不同血管区域(外周动脉疾病 [PAD]、颈动脉狭窄 [CAS]和腹主动脉瘤 [AAA])的风险因素负担与 PAD 患病率之间的确切关系尚不清楚。
我们调查了美国 330 万名年龄在 40 至 99 岁之间的患者中,可改变的风险因素(高血压、高胆固醇血症、吸烟、糖尿病和久坐的生活方式)与生命筛查计划中 2004 年至 2008 年间进行的双侧踝臂指数筛查、颈动脉双功能超声和腹主动脉超声检查中任何和特定类型的外周血管疾病(PVD)之间的关联。使用多变量逻辑回归分析来估计不同风险因素类别中疾病的可能性。人群归因风险用于估计潜在归因于可改变的风险因素的疾病比例。
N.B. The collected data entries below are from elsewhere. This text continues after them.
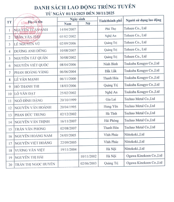 Danh Sách Lao Động Trúng Tuyển 01/11 đến 30/11/2025
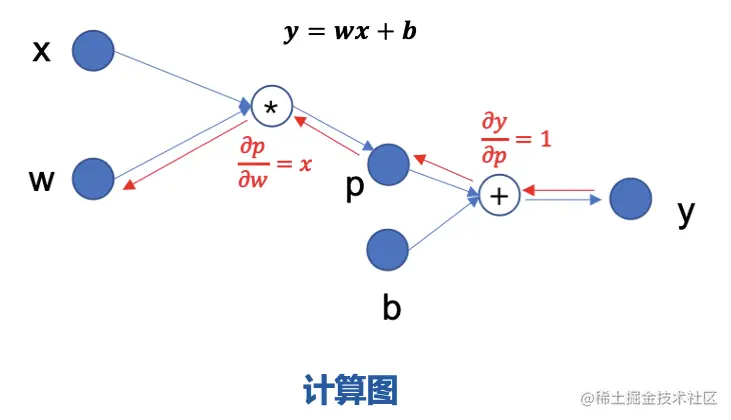 以 y=wx+b 为例,它的前向计算过程为输入 x 和参数 w 首先经过乘法运算得到中间结果 p,接着 p 和参数 b 经过加法运算,得到右侧最终的输出 y。
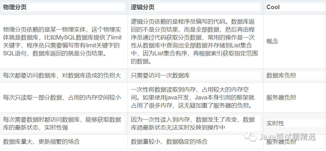 我们一般不推荐使用逻辑分页,而使用物理分页。在使用物理分页的时候,就要考虑到limit的用法。
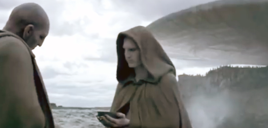 I enhanced the below photos to show the scores of Engineers witnessing the sacrificial Engineer and the elders from the opposing cliff under the large Engineer ship. It could be a hundred or more across the clifftop.
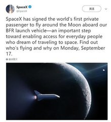 該公司在推特上寫道:“SpaceX與全球首位乘客簽署合同,該游客將搭乘‘大獵鷹’火箭(BFR)繞月飛行。這是向夢想在太空旅行的普通民眾開放的重要一步。”
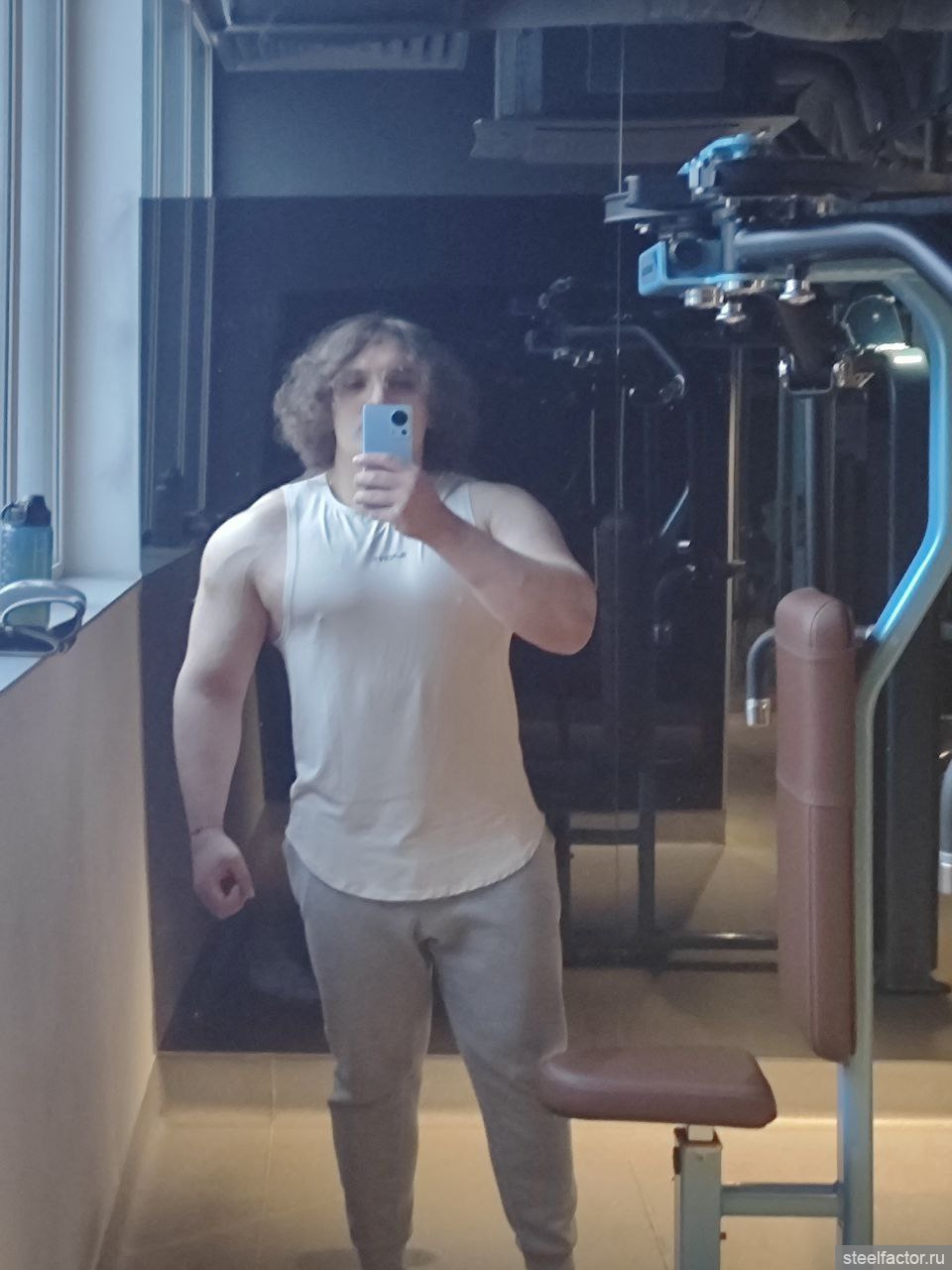 Поставил рекорд: подъём на бицепс слабейшей рукой с полной амплитудой без арийской чистоты -- не по дуге, а по прямой 35 кг × 1 +1 +1 +1 +1. На следующей тренировке 32,5 кг × 2 + 2 + 2 + 2. Тоже по прямой, без арийской чистоты. Одной левой.поставил рекорд: строгий концентрированый бицепс от колена без читинга с полной амплитудой

在 3319933 名参与者中,任何 PVD 的患病率为 7.51%(95%置信区间 [CI],7.50%-7.53%)。PAD 的患病率为 3.56%(95%CI,3.54%-3.58%),CAS 为 3.94%(95%CI,3.92%-3.96%),AAA 为 0.88%(95%CI,0.86%-0.89%)。存在 0、1、2、3、4 和 5 个可改变的风险因素时,多变量调整后的患病率分别为 2.76、4.63、7.12、10.73、16.00 和 22.08(P <.0001);任何 PVD;1.18、2.09、3.28、5.14、8.32 和 12.43(P <.0001);1.41、2.36、3.72、5.73、8.48 和 11.58(P <.0001);0.31、0.54、0.85、1.28、1.82 和 2.39(P <.0001)。这些关联在男性和女性中相似。每增加一个可改变的风险因素,多变量调整后的患病可能性显著增加(任何 PVD [比值比(OR),1.58;95%CI,1.58-1.59];PAD [OR,1.62;95%CI,1.62-1.63];CAS [OR,1.57;95%CI,1.56-1.57];和 AAA [OR,1.51;95%CI,1.50-1.53])。
这个非常大的当代数据库表明,风险因素负担与 PVD 的患病率增加有关,并且存在与存在的风险因素数量之间的分级关联与 PAD、CAS 和 AAA 的患病率有关。